Irrespective of the outcome, there will be a growth slowdown in Adani, as their access to markets will be tricky and they may need to postpone some of their investment plans. It also gives them an opportunity to carryout a strategic analysis of businesses and exit any non-core investments, which will also help them reduce debt.
The common issue that has hurt over the last few years is financing promoters through what is called as “Loan Against Securities or LAS”. While most companies maintain debt at low levels in the operating entities, LAS introduces an element of leverage at promoter’s holding company, which adds to the risks in bear markets and makes the group vulnerable. Any reduction in promoter LAS will be a welcome change.

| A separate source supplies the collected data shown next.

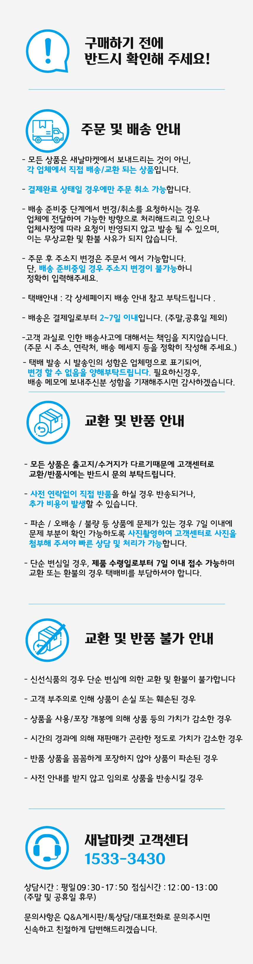 새날마켓에서 판매하는 상품에 대한 책임과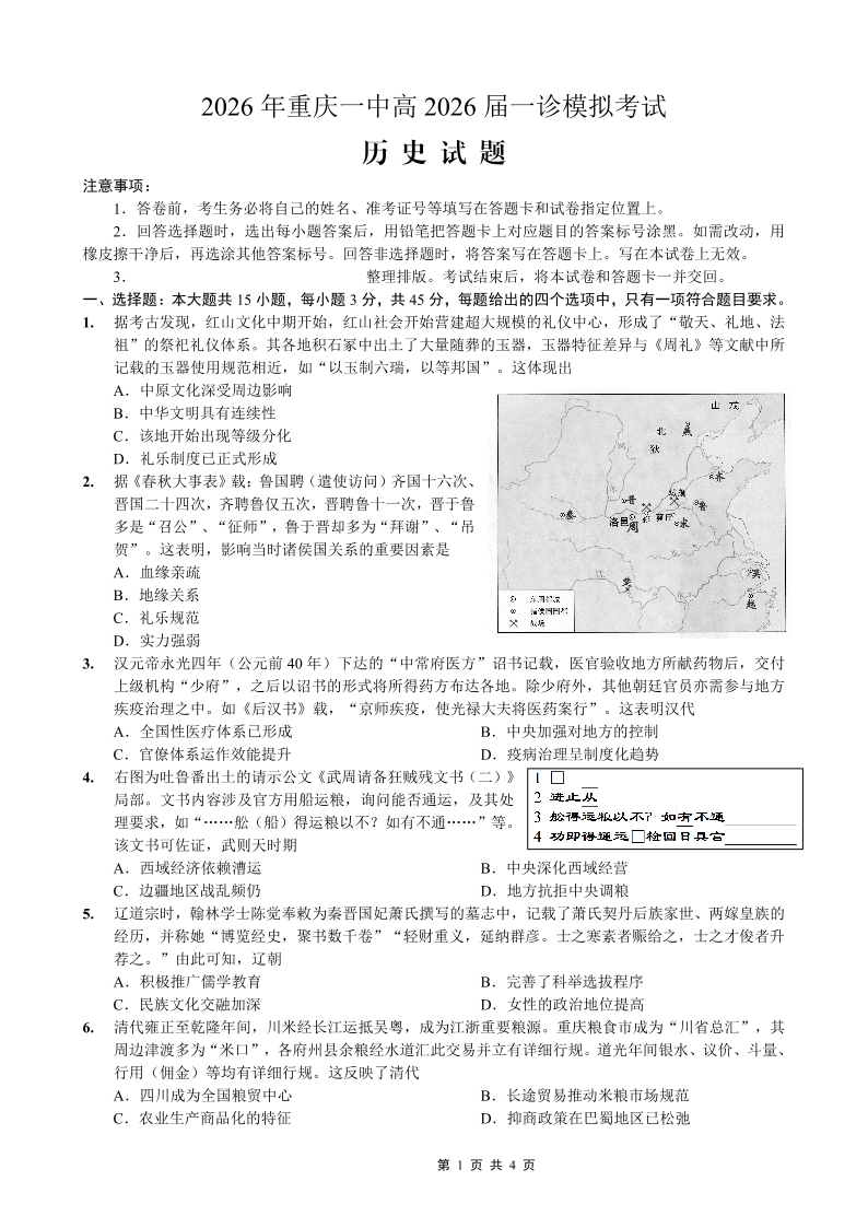 重庆一中高2026届一诊模拟考试 历史.pdf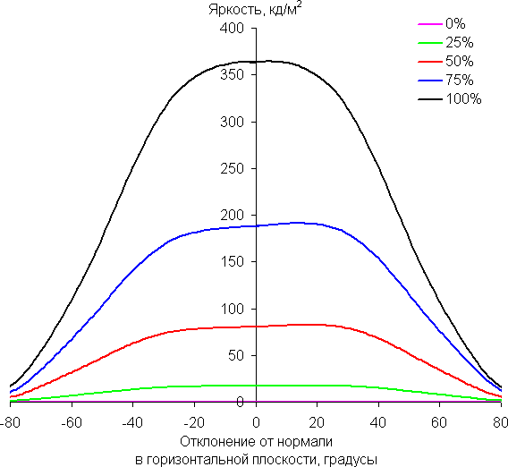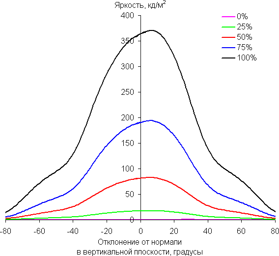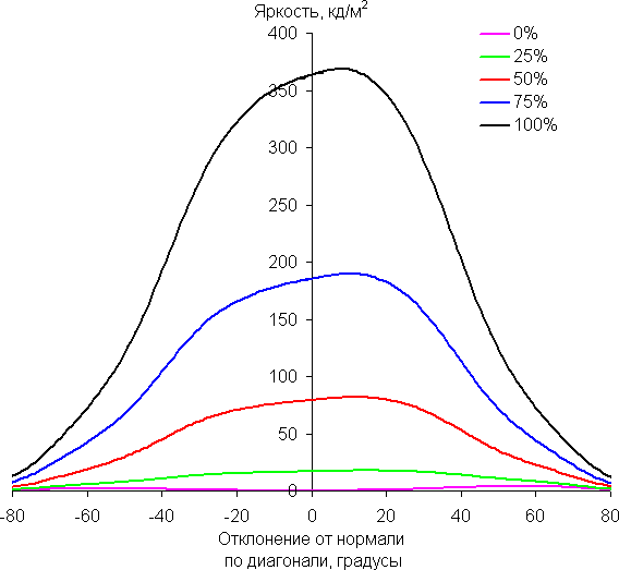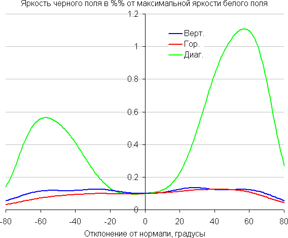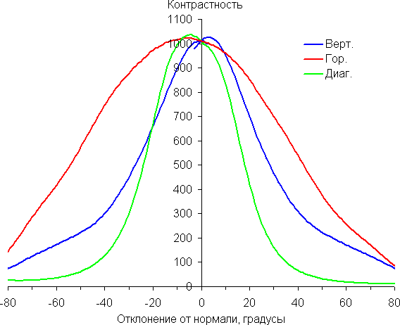 Отметим плавное уменьшение яркости при отклонении от перпендикуляра к экрану в горизонтальном направлении, при этом графики не пересекаются во всем диапазоне измеряемых углов. Чуть быстрее падает яркость при отклонении в вертикальном направлении. При отклонении в диагональном направлении поведение яркости оттенков имеет промежуточный характер между вертикальным и горизонтальным направлениями, за исключением яркости черного поля, которая начинает резко возрастать уже при 20°-30° отклонения от перпендикуляра к экрану. Если сидеть не очень далеко от экрана, то черное поле по углам будет заметно светлее, чем в центре. Контрастность в диапазоне углов ±82° в случае отклонения по диагонали приближается к отметке 10:1, но не опускается ниже.

Is There A Contagion Risks To Indian Banks
While I would have thought that its possible a few years ago, the same is not the case today. The banks are clean and looking to expand credit. The exposure of the Indian banks to Adani as a percentage of all bank loans is less than 1% and this is an issue specific to the group and not a systemic issue. To add to that most of the loans in India are to the operating companies in India with many of them generating cash flows and prompt in servicing debt.
What Should Retail Investors Do?
Most Mutual Funds in India, have emerged winners in this just by staying away investing in Adani group companies. Although its difficult to say where the stock price rout may end, retail investors should take cues from institutional investors when investing in troubled times and will do well not to blindly follow ultra HNIs as their risk tolerance and ability to handle a loss is very different!
Implications For Other Overseas Issuers
Most Indian companies are seasoned issuers in overseas bond markets. Not too long ago, in 2007, India companies were one of the largest FCCB issuers. This saga is a clarion call as the overseas markets may hold them to a higher governance level than what is required by law. In addition they will need to understand the modality of shorting employed by Hindenburg or its clients as well as consider the outcome of this saga in their decisions in future.
What Should The Government Do
The government did nothing, while the Finance Secretary (in his personal capacity) left it to markets and Adani to sort it out. They did what they had to do – just remain on the sidelines, as Adani scrambled to halt the damage. This was probably the best response the government could have come up with, as anything else could be seen as cronyism.
In the budget of 2019, a proposal for increase of free float (public ownership of listed companies) to 35% (from 25%) was mooted by Finance Minster Nirmala Sitharaman. While the proposal metb with resistance at that point in time, its probably time to consider implementing it now. Larger free float could help keep valuations in the fair zone as well and absorb the investment flows due to financialisation of savings. A crisis or even a semblance of one cannot go unutilised.
Both RBI and SEBI while reaffirming that the system is strong, stayed away from any punitive action against the messenger. Allowing market forces to prevail improves the perception of the market in the eyes of an investor. When an investor commits capital into an EM, they are aware of the risks too, but do not expect the regulator or governments to step in to prevent losses! They need stable and predictable regulatory and tax regime and would appreciate the role played here, contrary to what commentators think.
The message was clear and loud – while the system remains strong, the market will decide the fate of the short seller and the issuer – laissez faire at its best!